And the cover sheet on his test was just standard information and there was a paragraph that told you the safe levels for all the molds. And then in bold it had two molds, chaetomium and stachybotrys, and it said no amount of these two molds is safe and if you have it you need to remediate. And that was not on the mold test that was done in our house where they found this mold. So now I know there was a toxic mold in the house, I know what mold it was. I know that it causes problems and can cause neurological problems, and that’s what I was having. And now I live in a small village in Massachusetts where the pace of life is much more aligned to my needs. And that’s pretty much the present, thank you for listening to that monologue.
Jacob: So you still don’t really have a conclusive thing if somebody asks what’s wrong with you.

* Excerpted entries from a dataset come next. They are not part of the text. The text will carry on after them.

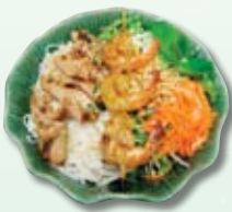
28. Grilled honey lemongrass chicken & shrimp Bún Gà Tôm Nướng 14.95
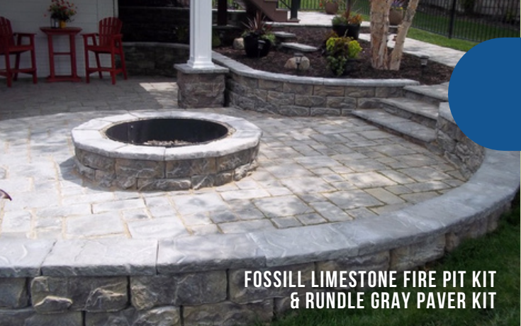
FOSSILL LIMESTONE FIRE PIT KIT & RUNDLE GRAY PAVER KIT

Offered in Fossil Stone and Random Stone colors and profiles. Visit NCPOutdoor.com for special order details, freight, and estimated delivery.
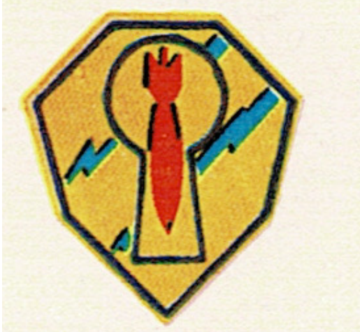
7 Observation Squadron emblem
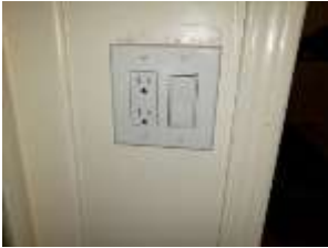
Pic. 29: GFCI outlet recommended for basement bath

Brianne: Now I say mold exposure and tick-borne illness. I’m still getting testing done. I just had a new lyme panel done and all of my numbers were much better, which was probably a result of general treatment and my immune function improving. But lyme tests are a two-part test so there’s a screening test and then there’s something called the western blot which looks at a bunch of different proteins that show up on the bacteria because they can’t test for it directly. And my screening test was the same even though my western blot results were lower, and the doctor thought that was interesting. So all of these numbers have gone down but this thing is still high and if this were causing this than these should be proportional.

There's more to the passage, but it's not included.